Zach shoved a hand through his hair and contemplated bursting through the door to Lia’s room. This was not at all what he’d expected when he’d arrived today. He cursed himself for not being more cautious, for not calling her first. If he’d caused any harm to Lia or the baby, he would never forgive himself.
He stood with his fists clenched at his sides. He’d been such a fool, and now he couldn’t shake the feeling he’d come too late.
That night, when he’d stood in the rain and told Lia about what had really happened—what had nearly happened—in that trench, he’d felt like the lowest kind of bastard. The kind who didn’t deserve a sweet wife and a happy ending. He’d hated himself for turning on her during the storm—and earlier, in Palermo. He couldn’t control the beast inside him, the slavering animal that reacted blindly, lashing out in fear and fury.
When he’d shoved her back on the bed, he’d known he couldn’t take that risk ever again. He hadn’t hurt her, as she’d pointed out, but he didn’t trust that he was incapable of hurting her. He’d known then that he had to end it between them, and he had to do it immediately.
Letting her go had been the hardest thing he’d ever done. For days after she’d left, he’d walked around his house like a ghost, looking at the places she’d been, imagining her there within reach. Dying to touch her again and aching so hard because he couldn’t.

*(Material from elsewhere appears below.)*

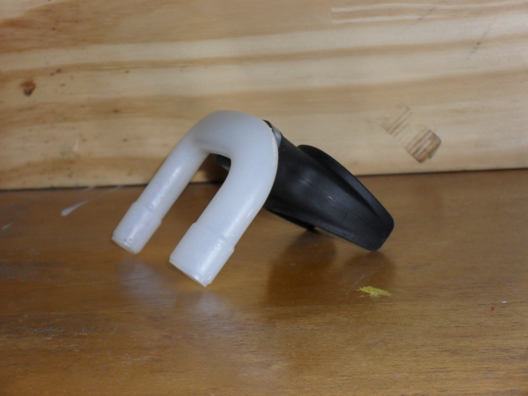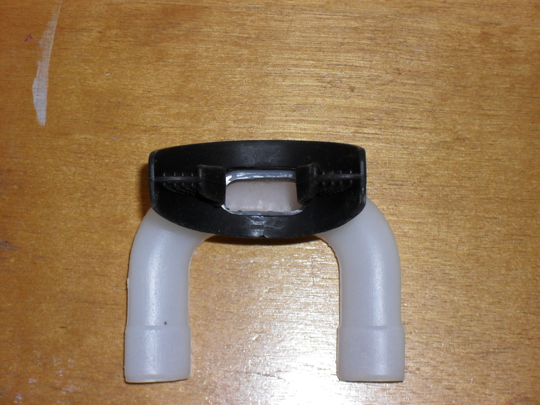 Yesterday when I got home from the office a fedex package from Montie Design the firm that is helping to develop and market this product, was waiting for me with two samples of the Fog Thief. It is a very simple design, imagine if you will an upside down snorkel. The mouth piece seems to be directly modeled from a scuba mouth piece, but instead of a hose leading to a tank there is a u shaped plastic snorkel that simply points down and out of`the bottom of your lid. Such a simple seeming idea you wonder why you have never seen it before.

He told himself he’d done the right thing. He was a beast, a monster, a man incapable of tenderness and love. He’d sacrificed himself for her safety, her happiness, and he’d felt honorable doing it.
But he’d also been miserable. And once he’d walked into his office and found the medal she’d left, he’d had a sudden visceral reaction that had left him on his knees, his gut hollow with pain, his throat raw with the howl that burst from him.
That’s when he realized what he’d done. He’d sent her away, the greatest gift to come into his miserable life. In that moment, he knew what the hollowness, the despair, deep inside him was. He was in love with his wife. And he’d sent her away.